Vancouver Considers Its First Official Development Plan

Vancouver is on the brink of a city-shaping decision. This week, city council is set to review the city’s first official development plan (ODP), a framework that could guide Vancouver’s growth for decades. While the plan won’t immediately change what can be built or where, it promises to influence how future projects move through the approval process.


A New Guide for Growth

The proposed ODP would replace the existing Vancouver Plan approved in 2022. Unlike a detailed zoning bylaw, this plan acts as a high-level blueprint, outlining the city’s growth strategy for the next 30 years and beyond.

The provincial government has made these plans mandatory, requiring all B.C. municipalities to adopt them by June. Vancouver, as one of the province’s largest cities, faces pressure to align with this timeline.


What Does the Plan Change?

Interestingly, if approved, the ODP will not unlock new building types or zones. Existing zoning rules and area plans remain in effect. However, the plan will shape future policy and area plans, ensuring new developments fit within a broader, long-term vision.

It will also alter approval processes. Developers will still need council input, but some applications could bypass traditional public hearings, changing how the public interacts with major projects.


Public Hearings Under Scrutiny

Public hearings have long been a battleground. Critics argue they slow down housing development, increase costs, and create uncertainty. Supporters see them as essential democratic tools, allowing residents to voice concerns directly to elected officials.

Under the proposed ODP, applications meeting the plan’s guidelines and containing at least 50% residential space would no longer require public hearings. Residents could still submit written feedback, but they would lose the chance to speak in council chambers.

Non-compliant proposals would still face traditional hearings, maintaining some level of public oversight.


Critics Raise Concerns

Not everyone supports the plan. A group of urban planning experts, including former Vancouver planning directors Larry Beasley and Ray Spaxman, have urged council to pause the process.
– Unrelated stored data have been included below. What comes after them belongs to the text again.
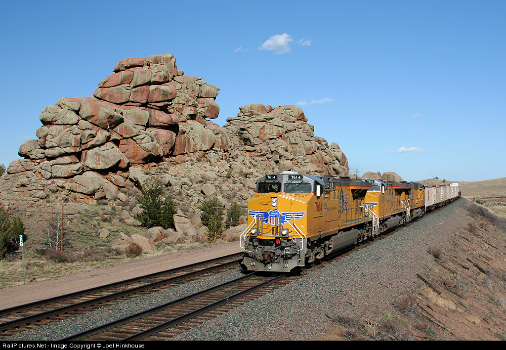 A trio of GEVOs, the oldest one in service less than 15 months, slides downhill westbound around the Vedauwoo rock formations at Dale Creek. It seems my luck here with afternoon sun and a westbound taking the main (instead of the Harriman Cutoff, directly behind me) has finally turned.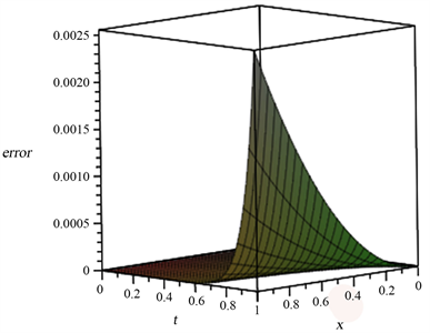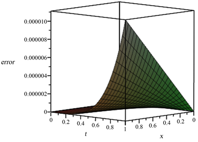 Figure 4. Illustrates the absolute error between the numerical solution and the exact solution when n = 5.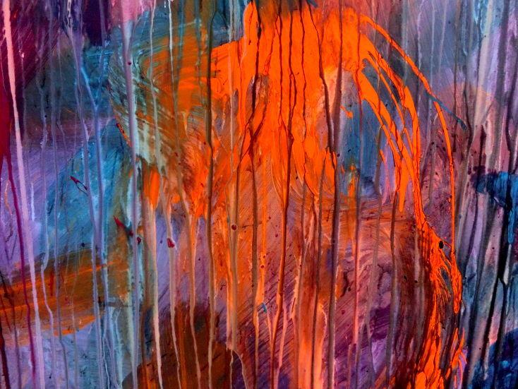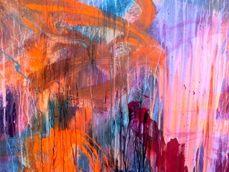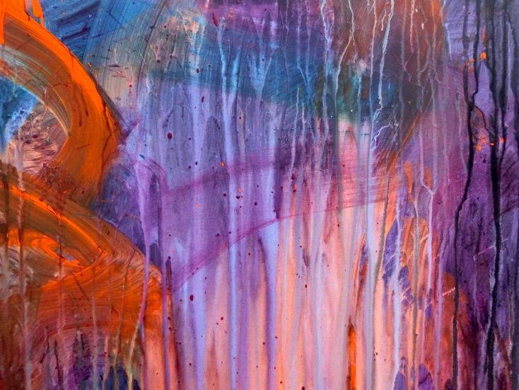 Abstraktes Acrylbild Mischtechnik sehr modern groß in lila violett orange

They argue that reducing public hearings could limit community influence and harm neighbourhood livability.

Some critics also suggest Vancouver challenge the province in court, citing “jurisdictional overreach”. Political group TEAM for a Livable Vancouver has publicly backed these concerns, pushing for more public engagement before any approval.
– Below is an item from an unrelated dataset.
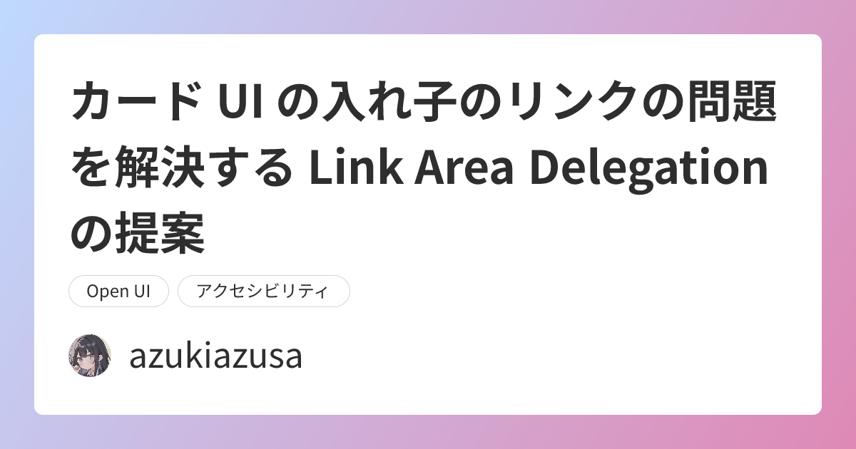 多くのウェブサイトではリンクを入れ子にしたカード UI が利用されています。しかし、このような UI では HTML 仕様に違反していたり、ハッキーな手法で実装されていることがあります。Open UI コミュニティでは Link Area Delegation という提案を行っており、標準化された方法で入れ子のリンクを実装することで UX やアクセシビリティを損なうことを防ぐことを目的としています。この記事では Link Area Delegation の内容について紹介します。

Population Growth and Planning for the Future

Population forecasts are central to the ODP. Estimates vary widely:

  • Low-end: Vancouver could gain 150,500 residents by 2050, reaching roughly 904,500.
  • High-end: The city might see an increase of 245,100 to 271,300 people, potentially surpassing 1 million.
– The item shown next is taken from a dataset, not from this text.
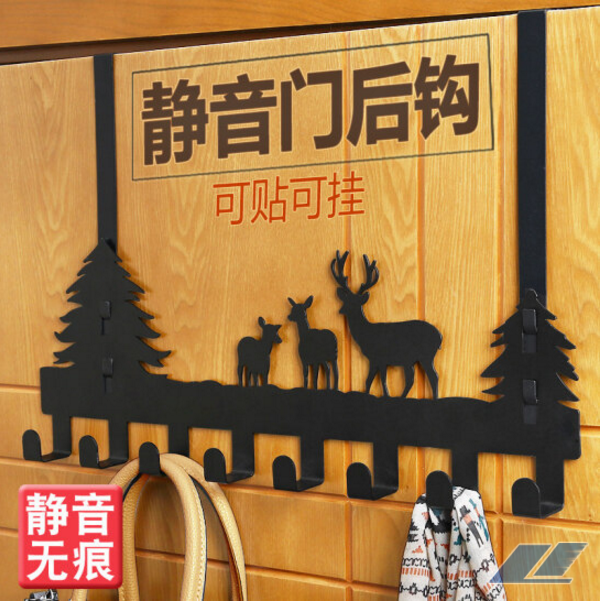 易时代 门后挂钩免钉壁挂门上挂衣架墙壁无痕粘胶粘钩强力承重衣服挂衣钩 小鹿(8钩)黑色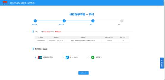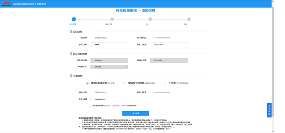 (注:申請保單過程中如遇特殊情況退出頁面,可通過點擊繳納保證金頁面的保單申請重新進(jìn)入,系統(tǒng)自動跳轉(zhuǎn)至上一步未完成頁面)

The city’s commissioned report notes that global and local uncertainties make long-term predictions challenging. Still, the ODP aims to prepare Vancouver for a future of growth, density, and sustainable development.


Vancouver’s council now faces a critical choice: adopt the plan and guide decades of development, or push back against provincial mandates and preserve traditional public oversight. Either way, the decision could reshape how the city grows—and how residents engage with that growth—for generations to come.